In today’s businesses, trust is everything.

In an uncertain, constantly shifting environment, customers, employees and investors look for organisations they can depend on. The recent threat actor activity in Australia has left consumer trust low and organisations exposed to more security than ever before on how they prepare for and respond to a breach. Building and protecting that sense of trust requires many parts of the organisation to work together to deliver a consistent unified vision.

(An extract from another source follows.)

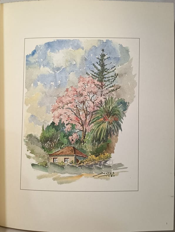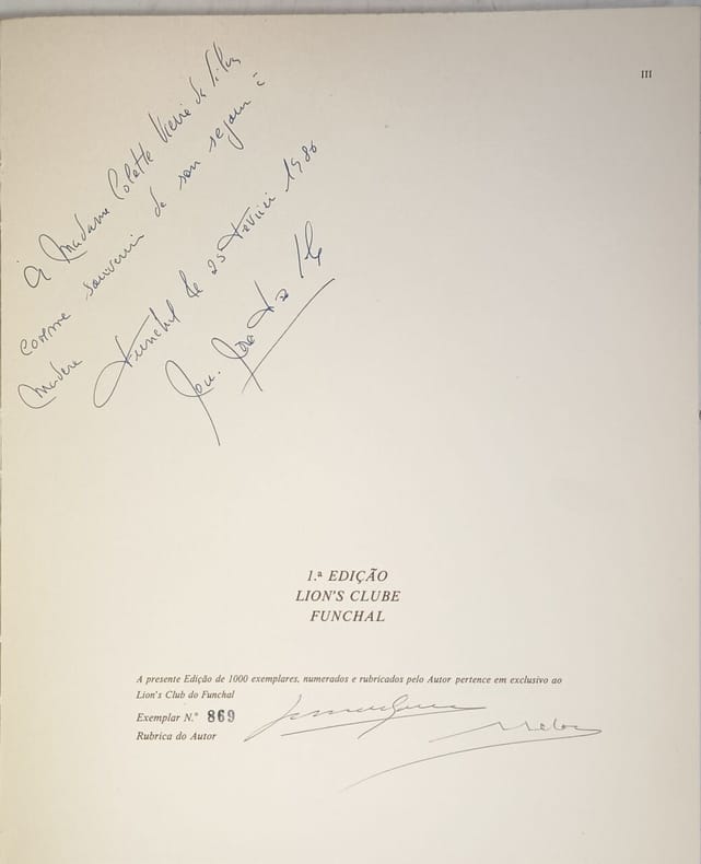 Lion's club do funchal 1986 infolio. 1986. Broché couverture rempliée. Livre d'art présentant une collection d'aquarelles du Dr. João de Lemos Gomes documentant des recoins artistiques de Funchal (Madeira) entre 1964 et 1984. L'ouvrage comprend une introduction d'António Aragão traduite en anglais et français et contient 36 folios de reproductions de gravures. Il s'agit d'une édition limitée à 1000 exemplaires numérotés et signés par l'auteur publiée par le Lions Clube do Funchal en 1987
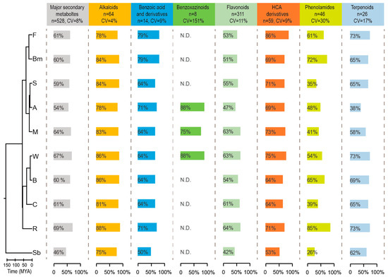 Treemap visualization of major secondary metabolite classes distribution. The lineage divergence time is adopted from the TimeTree database (http://www.timetree.org, accessed on 20 December 2024). F, foxtail millet; Bm, broomcorn millet; S, sorghum; A, adlay; M, maize; W, wheat; B, barley; C, common oat; R, rice; Sb, soybean; MYA, millions of years; N.D., non-detected.

Now that we live in a digitised world, every part of the business depends on fairness, integrity and transparency in the way information is collected and processed. Systems should be resilient, dependable and able to respond quickly in the face of disruption.

Key Australian insights

  • 48% were less confident in their organisation’s ability to subjectively assess cyber risks.
  • 80% felt that AI/ML adoption raises unique cybersecurity challenges that must be prioritised.
  • 44% of executives doubt that the board has a ‘high trust’ relationship with the CISO.
  • 75% believe collaborating with extended stakeholders, such as suppliers and customers, is vital to ensuring an organisation’s cyber security. 

Digital trust matters

Whether you’re a customer or client who wants to feel safe when transacting with the organisation, or part of the broader ecosystem of partners, investors, regulators and society surrounding every organisation — digital trust matters and understanding that Cyber Culture is the golden thread is paramount.

Cyber security and privacy have a key role to play in building and maintaining that trust. Businesses are ramping up data collection, expanding the use of artificial intelligence (AI) and machine learning (ML) technologies and embracing the environmental, social and governance (ESG) agenda, all while facing increasingly exacting regulatory standards.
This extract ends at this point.